Concrete Carnival

By Danner Darcleight


 

The Permanent Press
September 2016
978-1579624378


Reviewed by Charles Holdefer


 

Danner Darcleight's recent memoir, Concrete Carnival, has much to say about America's fifty-first state. With over two million inhabitants, this state is more populous than Nebraska or New Hampshire or a dozen other states. This is the state of Incarcerated America.

Danner Darcleight is a prison resident. Convicted of murder, he is currently serving a sentence of twenty-five years to life. Concrete Carnival is lively and troubling and displays literary verve, attempting something more ambitious than insider journalism.

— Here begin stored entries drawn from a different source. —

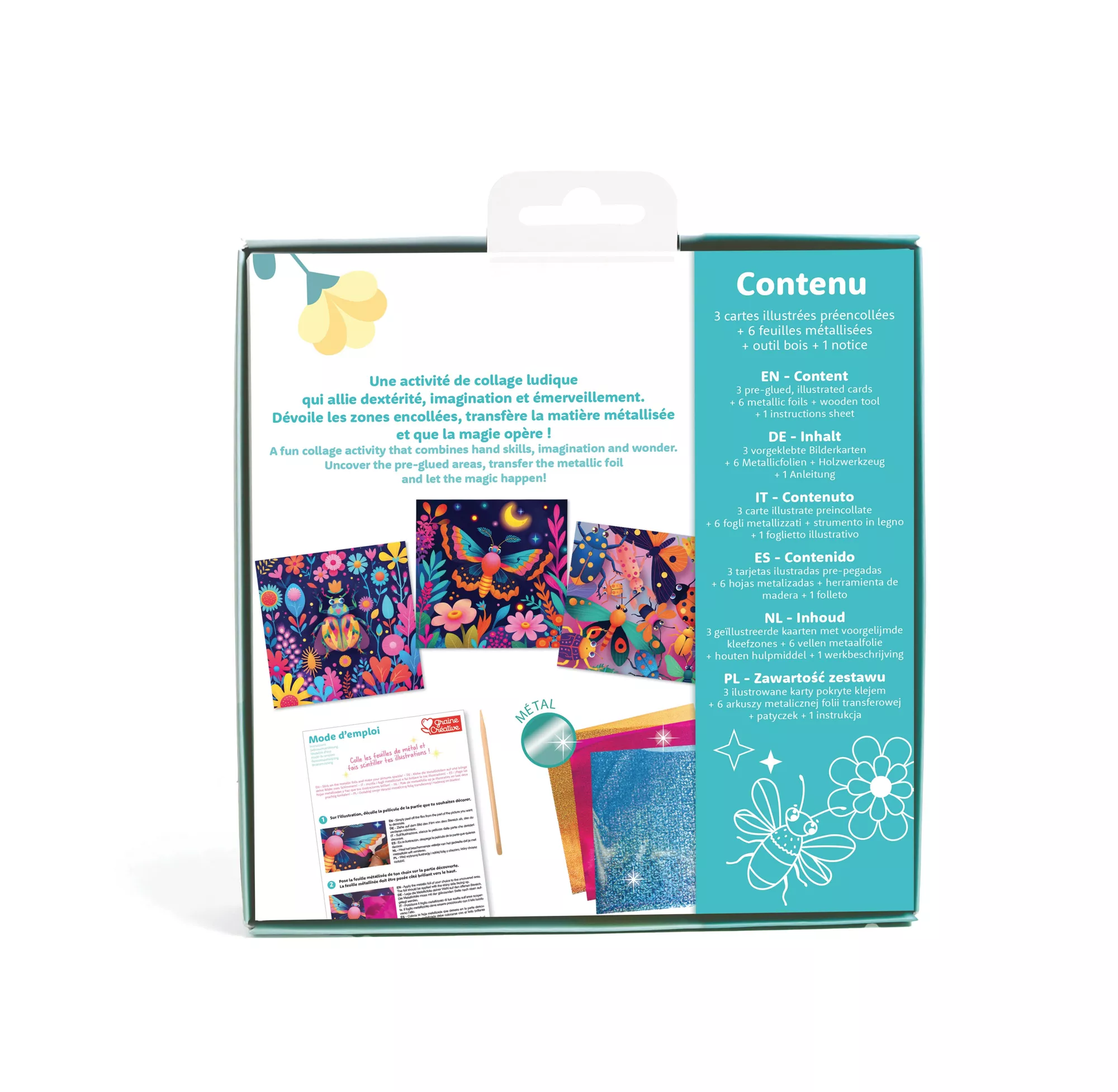 Plongez dans le monde étincelant et fascinant de la créativité avec ce coffret de 3 cartes à métalliser insectes aux couleurs vibrantes !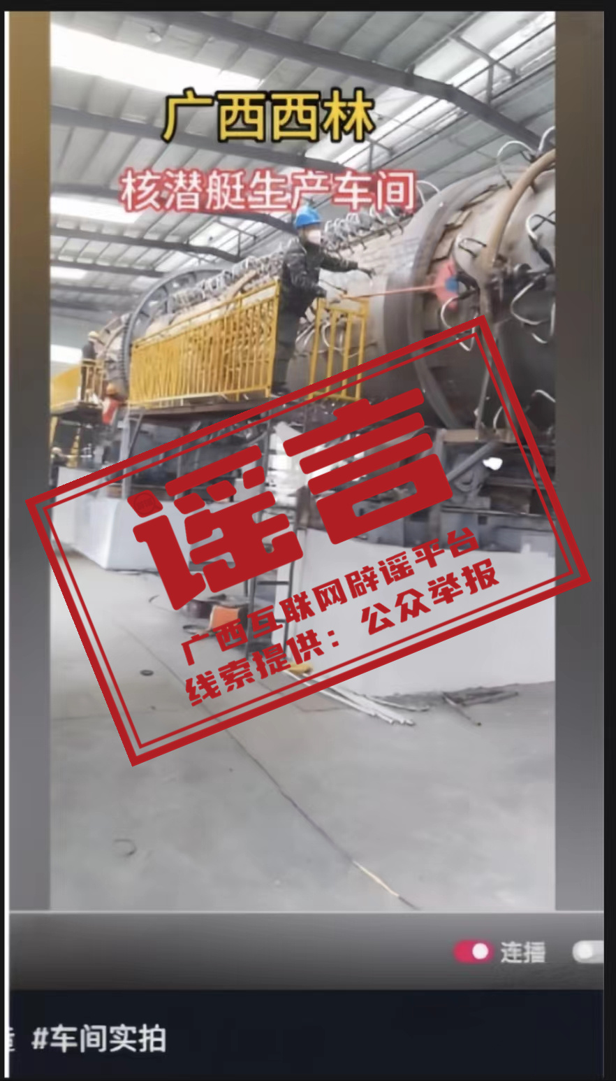 經(jīng)廣西互聯(lián)網(wǎng)辟謠平臺向相關(guān)部門核實,該視頻內(nèi)容為虛假謠言,百色西林縣不存在核潛艇生產(chǎn)車間,也未生產(chǎn)核彈頭。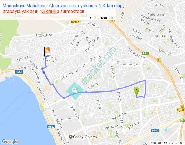 Manavkuyu Mahallesi - Alparslan arası yaklaşık olarak 90 km/h ile yukarıda belirtilen sürede olup, iki yerin kuş uçuşu uzaklığı (mesafesi) 3'dir. Yolculuk otobüsle 16 dakika sürmektedir.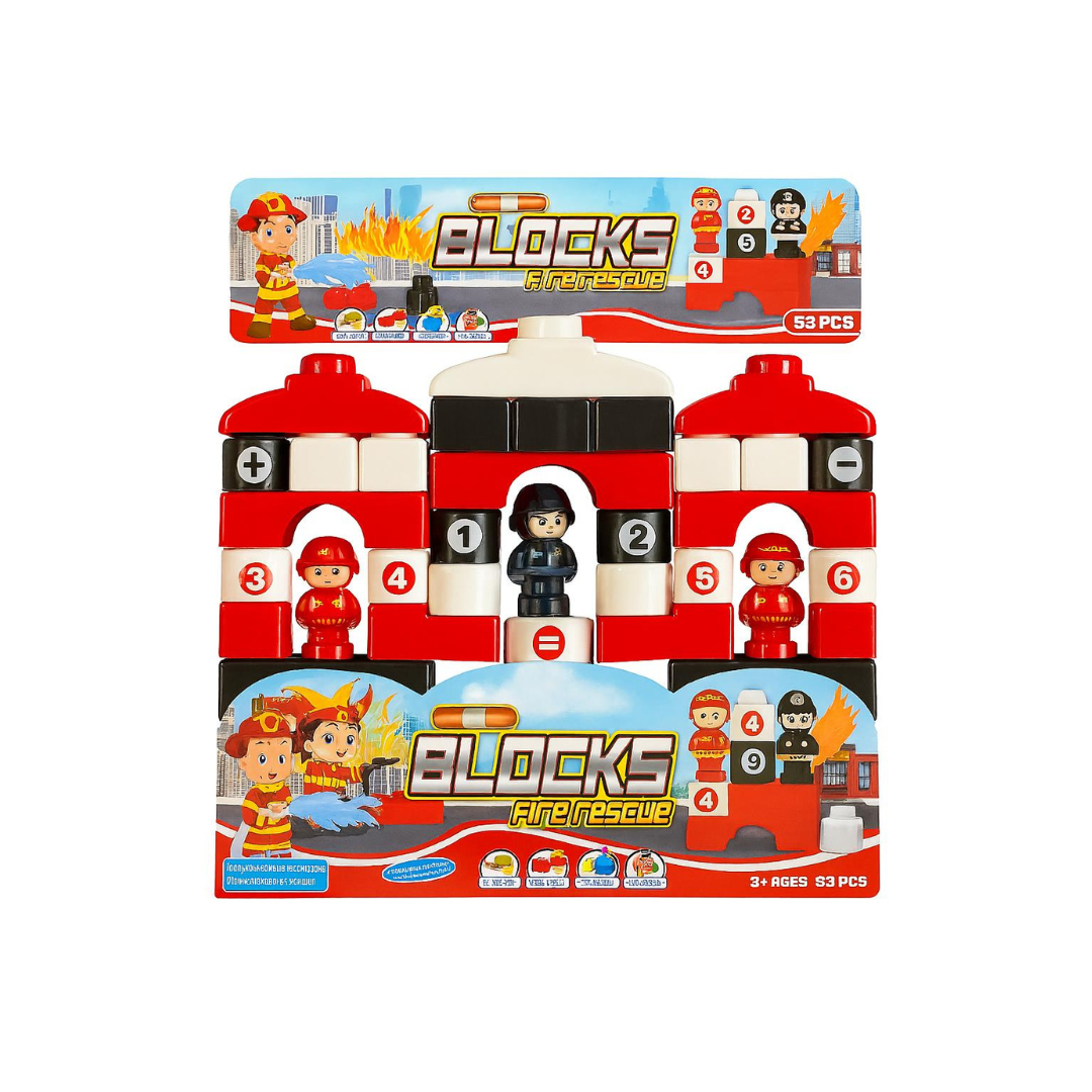 Exciting 53-piece firefighter building block set with fire station, fire truck, and firefighter figures.

Concrete Carnival dramatizes the singularity of prison life while at the same time showing how it reflects and magnifies American values. It is a generic mash-up of prison sketches, recovery memoir, and love story. It is also a testimony to the power of books.

In many respects Darcleight is an atypical prison resident. White, college-educated, and raised in suburban affluence, he refers to himself as a "soft child of privilege" and acknowledges that his presence in prison inspires cognitive dissonance. "I've got a bachelor's degree," he writes, "and in the land of pre-GED, that makes me a fucking king. For almost my entire incarceration I've worked in offices, clerking for highly placed civilians." After a flirtation with the death penalty, he has managed to work his way up to honor block, where prisoners live in better conditions and can, for example, do their own cooking. He observes:

No one will ever confuse me for the revolutionary George Jackson. He was a Panther. I'm a pussycat. He dug Ché, Lenin and Giap. With seven years into my prison term, I'm relatively content to be living in Prison A, and am more into chai, Lennon and the GAP.

This self-consciously jangly style, also evident in the memoir's title, can be entertaining, but it wouldn't be enough to sustain a book. Fortunately, Darcleight inhabits other registers and shows a willingness to own up to his vulnerabilities. The most affecting passages of Concrete Carnival are the loving reminiscences of the author's younger brother, whose life is now beyond Darcleight's reach and has been reduced to precious phone calls; or an account of the misery inflicted by prison noise and a hellish inmate named Chui; or descriptions of a close circle of beloved inmates, his friends Doc, Whit, and Yas, with whom he can share meals and who constitute, without exaggeration, a surrogate family.

Other sections are devoted to the painful question of how the author ended up in prison—in his case, a result of a prodigious appetite for drugs. By his account, 500 hits of ecstasy, Ritalin binges with Valium chasers, whippits of nitrous oxide, amid a backdrop of bongs and alcohol, were all part of being a party boy. But it was his discovery of heroin that proved his undoing. Heroin unmoored him and quickly reduced him to a "reptilian brain." It brought him to murder.

This destructive appetite follows him into prison, where he eventually comes to regret his efforts to procure "dompers" (a common prison drug), or to consider a fellow inmate with metastasized cancer as a promising source of pharmaceutical goodies. Doing time, Darcleight makes clear, either focuses or unhinges the mind.

Focus comes to him in several forms. First, from reading. Concrete Carnival offers a heartfelt testimony to the power of books. The notion of "escapist literature" takes on a different meaning for a lively mind confined to a jail cell, and the memoir embraces the literary and philosophical. Orwell and Nietzsche are cited along with Seneca and Viktor Frankl, as well as "prison writers" like George Jackson, Jack Henry Abbott, and Jean Genet. Women writers are curiously absent, given Darcleight's expressed longing for the feminine; so are political responses to his situation. Experiences are seen by the author as largely personal, rarely ideological.

Writing offers another means of focus. This book refers fondly to Darcleight's writing teacher, here referred to as Jameson. (This memoir, as is evident in the author's name, relies on pseudonyms.) Concrete Carnival is a positive example of the importance of prison writing workshops, beyond their psychological utility, because the author's prose leaps beyond the conventions of a classroom writing exercises and stands on its own as absorbing work.

Lastly—improbably and happily—Darcleight manages to fall in love and get married ten years into his sentence. This brings new complications and hardships to him and his wife, Lily, but it is unquestionably a source of hope and a reconnection with the world "outside." This does not make for a "happy ending"—he is in dreadful situation, as he makes clear in the last chapter when he revisits his crime and the terrible hurt he has inflicted. But it recalibrates his perceptions and the reader leaves behind a prisoner who is, in his own words, "quiveringly alive."